Ses officiers répondirent tous :

— Nous sommes maintenant dans une situation de péril extrême ; nous vous suivrons, ô sseu-ma, dans la vie et dans la mort.

Pan  Tch’ao leur dit :

— Celui qui ne pénètre pas dans l’antre du tigre ne prend pas les petits du tigre. Pour ce qui est du plan auquel il nous faut aviser aujourd’hui, le seul parti auquel nous puissions nous arrêter est de profiter de la nuit pour attaquer par l’incendie les envoyés barbares ; ceux-ci ne sauront pas quel est notre nombre ; ils seront certainement en proie à une grande panique et nous pourrons les exterminer. Quand nous aurons fait périr les envoyés barbares, alors (le roi de) Chan-chan sentira se briser son courage. Nos exploits seront accomplis et notre entreprise aura réussi.

Tous répondirent :

— Il nous faut délibérer à ce sujet avec le ts’ong-che Kouo Siun.

Pan Tch’ao répliqua avec colère :

— Notre bonne ou notre mauvaise fortune se décide aujourd’hui ; le ts’ong-che Kouo Siun est un vulgaire officier civil ; si on l’informe de ce plan, il aura certainement peur et nos projets seront divulgués. Mourir sans gloire, ce n’est pas le fait de gens vaillants.

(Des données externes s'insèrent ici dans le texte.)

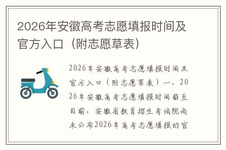 截至目前,安徽省教育招生考试院尚未公布2026年高考志愿填报的官方时间。以下根据往年安排及已发布信息整理,供考生和家长参考,最终时间请以官方最新通知为准。
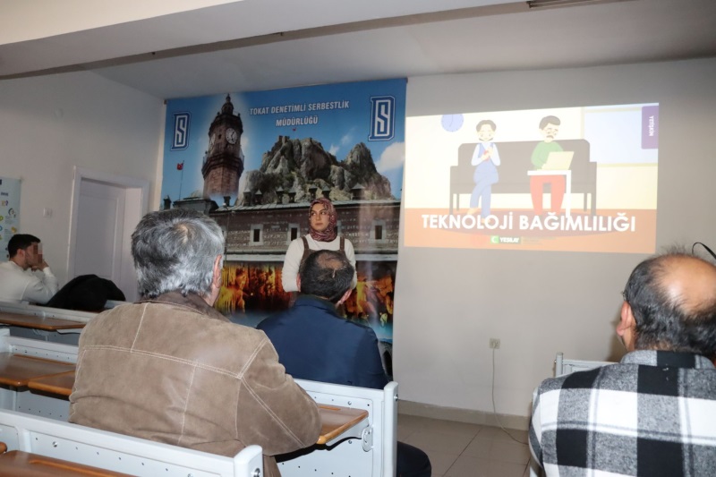 Tokat Denetimli Serbestlik Müdürlüğü’nde yükümlülere yönelik farkındalık ve eğitim çalışmaları kapsamında 24 Mart 2026 tarihinde saat 13:45’te “Aile İçi İletişim” konulu bir seminer düzenlendi.Seminer, Psikolog Nesrin Uzun tarafından gerçekleştirildi. Seminerde aile içinde sağlıklı iletişimin önemi, empati kurma, karşılıklı anlayış ve güçlü aile bağlarının bireyin hayatındaki rolü hakkında katılımcılarla bilgilendirici paylaşımlarda bulunuldu.
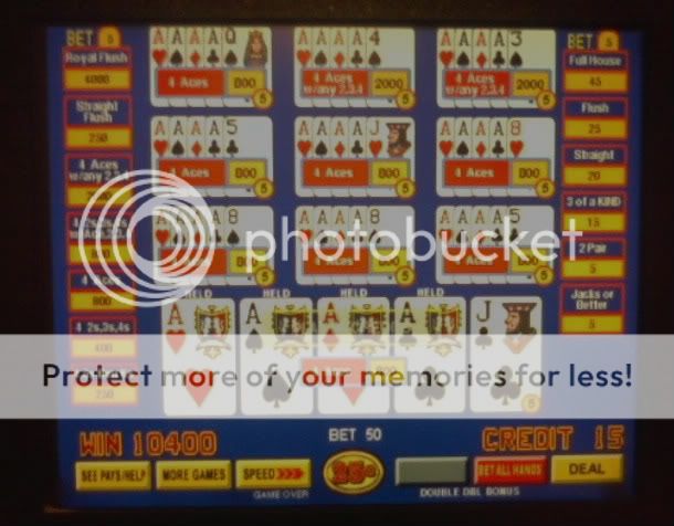 After making some money at craps I take my last $100 I will put at risk and play at an 8 machine kiosk of $1 9/6DDB. As I walk up I see a man with 4aces/king after the draw on the screen. He is dealt 3-10s and catches the 4th. I comment that he should've been playing Shock Wave.
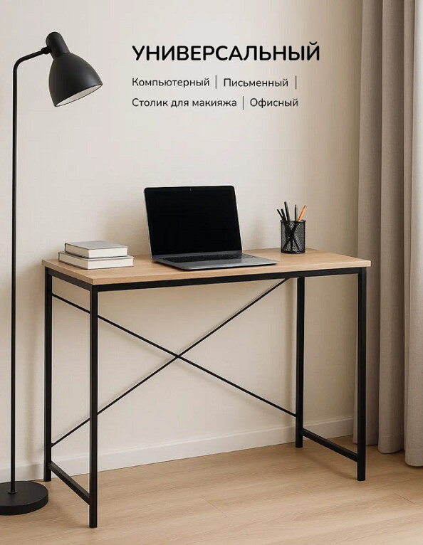 Компьютерный стол Вудми 100 в стиле лофт — универсальное решение для просторных помещений, так и для небольших комнат. Удобная конструкция стола сочетает прочность и надежность, позволяя использовать его с любой стороны.Стол выполнен на прочном металлическом каркасе (20x20 мм), что обеспечивает долговечность и устойчивость. Столешница и изготовлена из высококачественного ЛДСП 15 мм, что гарантирует легкость в уходе и стойкость к повреждениям. Вы можете быть уверены, что этот стол прослужит вам долго.
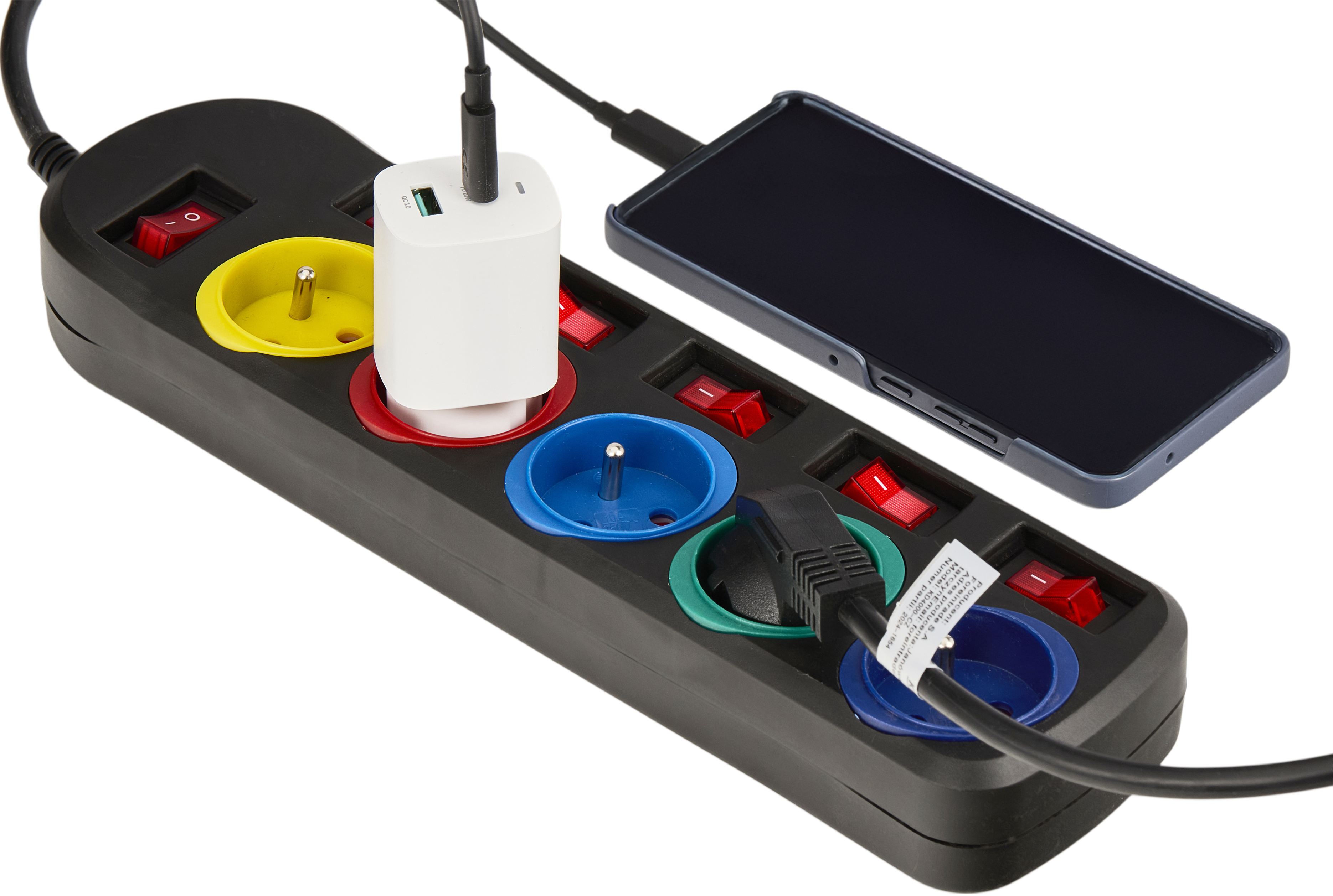- Wielofunkcyjność – 5 gniazd z uziemieniem umożliwia jednoczesne podłączenie kilku urządzeń

Tous alors l’approuvèrent. Dans la première partie de la nuit, Pan Tch’ao, à la tête de ses officiers, courut vers le camp des barbares ; un grand vent était survenu ; Pan Tch’ao ordonna à dix hommes de prendre des tambours et de se cacher derrière les baraquements des barbares ; il était convenu avec eux que, dès qu’ils verraient les flammes s’élever, ils feraient tous résonner leurs tambours, et pousseraient de grands cris. Le reste de ses gens prit des armes et des arbalètes et se dissimula des deux côtés de la porte. Pan Tch’ao alors déchaîna l’incendie dans la direction du vent ; ceux qui étaient devant et ceux qui étaient derrière frappèrent des tambours et poussèrent des clameurs. La foule des barbares fut plongée dans la terreur et la confusion. Pan Tch’ao tua de sa propre main trois hommes ; ses officiers et ses soldats décapitèrent l’envoyé et plus de trente hommes de son escorte ; quant au reste des barbares, à savoir une centaine d’hommes, ils périrent tous brûlés.

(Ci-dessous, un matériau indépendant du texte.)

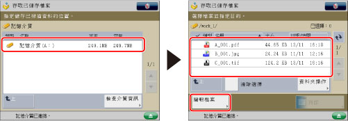 可以檢查記憶介質中檔案的詳細資訊(檔案名稱、位置、修改日期等),以及添加或刪除檔案。
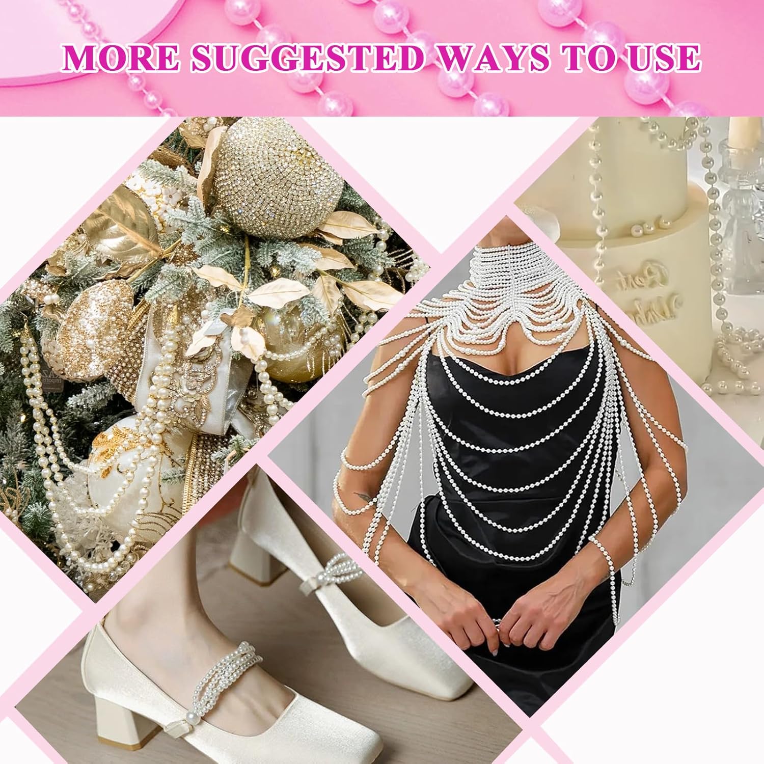 • Materials: These faux pearl garland are made of plastic ABS pearl beads, which are attached to the string and can not be removed. These pearl beads strings are both economical and add a beautiful touch to any project. Great for Shabby chic or Bridal decoration embellishment decor or even place them in the hair
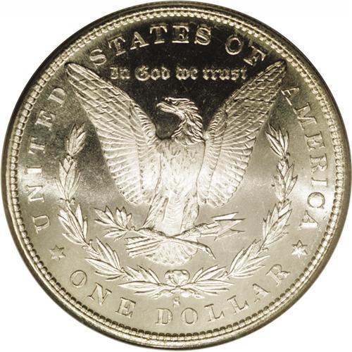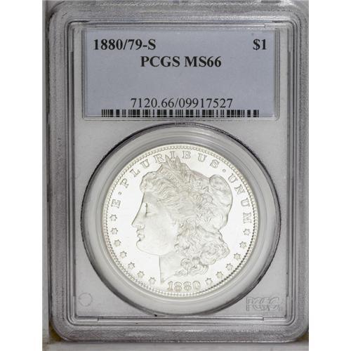 <B>1880-S<img border='0' src='http://www.heritagecoins.com/images/star.gif' width=10 height=10>$1> 8 Over 7 MS66 PCGS.</B></I> VAM-9, Large S mintmark. A brilliant Premium Gem with fairly prooflike fields and frosty devices, although apparently not deep enough for PCGS. Completely untoned, and revealing virtually no distractions even under a loupe. Population: 48 in 66, 10 finer (3/06). <BR><BR><B>Important notice:</B> Heritage usually auctions material at the rate of 200-250 lots per hour. On some occasions eBay Live bid software or the Internet may not be able to keep up with the pace of the auction. We recommend placing a realistic absentee bid now as insurance to avoid disappointment. Occasionally the auctioneer may eliminate or reject an eBay Live bid, and the auctioneer may also reopen a lot after the close of the eBay live bidding (usually because we missed an audience bid), and may reject your bid even if it shows you as the winning bidder. By bidding via eBay Live, you agree that Heritage may award the lot to another bidder at its sole discretion under the circumstances described above or any other reasonable circumstances. Since eBay bids are not shown to us until we open the lot on the floor, we treat those bids just like floor bids. In most cases the floor responds before the eBay bid is presented to us, due to Internet lag time, so for consistency we have made it a policy that floor bids are always considered first over tie eBay live bids. Also please note that all Heritage lots purchased through eBay Live carry a 20% Buyer's Premium. Please make sure you read the Terms and Conditions before you bid. This lot is being auctioned in conjunction with a live floor auction by Heritage Galleries & Auctioneers. All final auction and invoice information will be supplied by Heritage Galleries & Auctioneers, and all other information should be considered preliminary. Lot:3300 <BR><BR><B>Winning Notification and Billing:</B> After the FINAL session in this auction is complete, Heritage will send e-mail and snail mail invoices. This process normally takes several days. All final auction and invoice information will be supplied by Heritage Galleries & Auctioneers, and all other information should be considered preliminary. <BR><BR>This auction will be conducted on a live auction floor and over the Internet through eBay Live. If you choose to place an absentee bid, please take a moment to <font color='#0000ff'><u><a href='http://pages.ebay.com/liveauctions/help/before/laabsentee.html'>learn how eBay Live absentee bidding works</a></u></font><font color='#000000'>
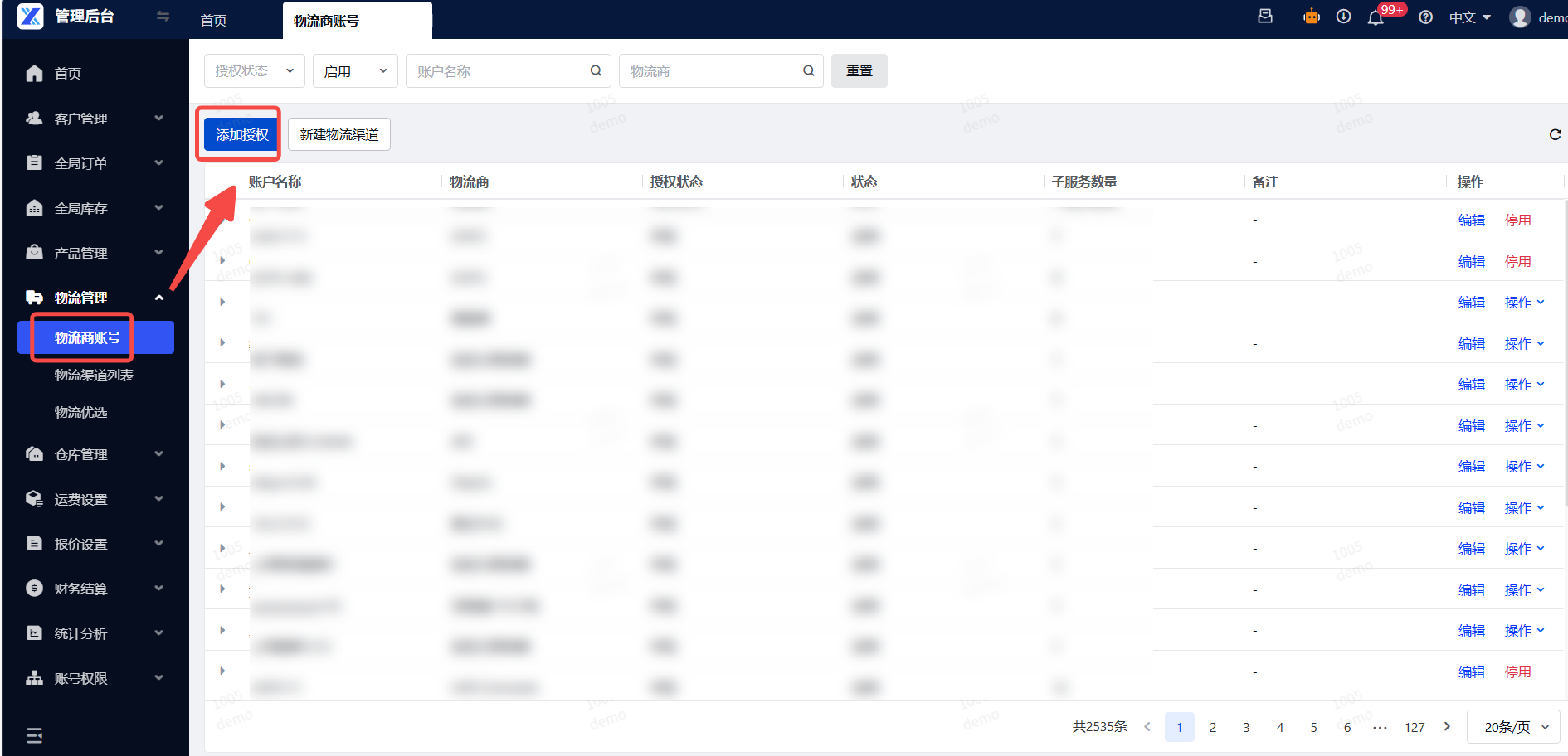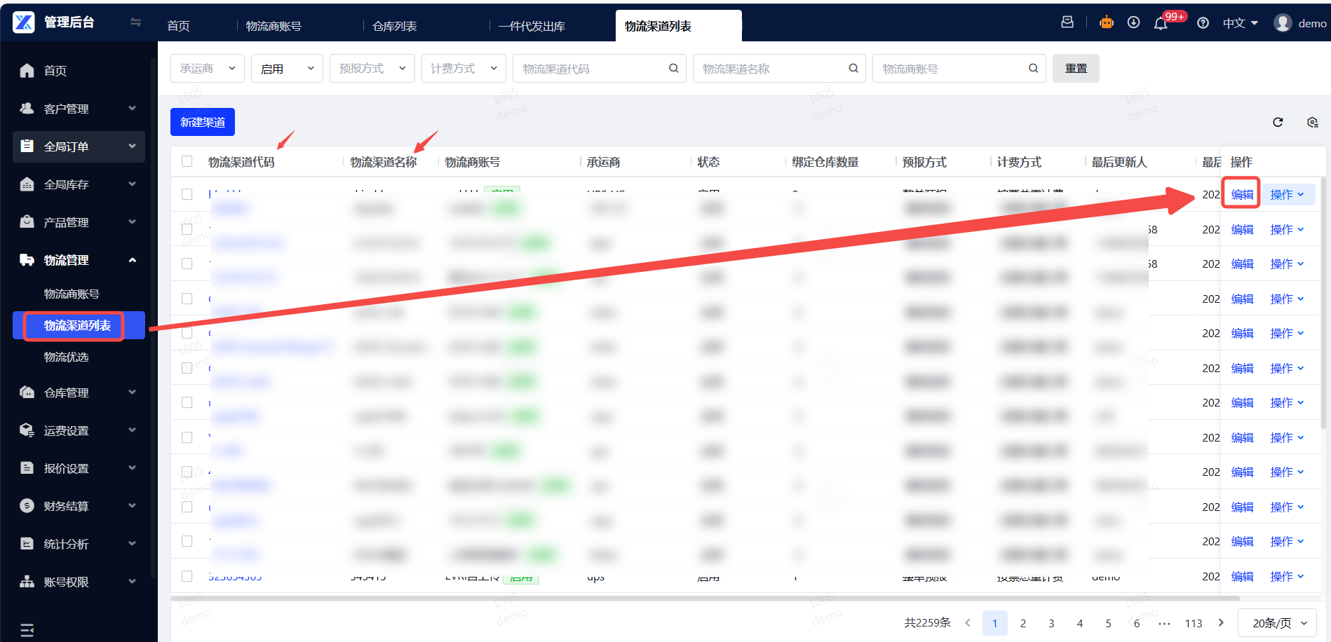 - 物流渠道列表:用于展示所有在授权完物流商账号后创建的物流渠道,也就是oms客户可以选择到的物流渠道。

Le lendemain, Pan Tch’ao revint informer Kouo Siun de ce qui s’était passé ; Kouo Siun fut très effrayé et ensuite changea de couleur. Pan Tch’ao, comprenant quels étaient ses sentiments, leva la main et dit :

— O officier en second, quoique vous ne soyez pas allé avec nous, comment moi, Pan Tch’ao, voudrais-je m’arroger tout le mérite ?

Kouo Siun fut alors satisfait. Ensuite, Pan Tch’ao appela auprès de lui Kouang, roi de Chan-chan, et lui montra la tête de l’envoyé barbare ; le royaume entier fut saisi de crainte ; Pan Tch’ao publia des explications pour le rassurer ; puis il prit un des fils du roi en guise d’otage ; il revint faire son rapport à Teou Kou ; celui-ci, très content, informa en détail l’empereur des exploits de Pan Tch’ao; il demanda en même temps qu’on fît choix d’un envoyé pour l’envoyer dans les pays d’Occident. L’empereur loua la belle conduite de Pan Tch’ao et adressa à Teou Kou un décret dans lequel il disait :

« Quand vous avez un officier tel que Pan Tch’ao, pourquoi ne l’envoyez vous pas en mission et qu’est-il besoin de choisir quelque autre personne ? Maintenant je nomme Pan Tch’ao au poste de kiun sseu-ma afin qu’il puisse poursuivre ses premiers exploits.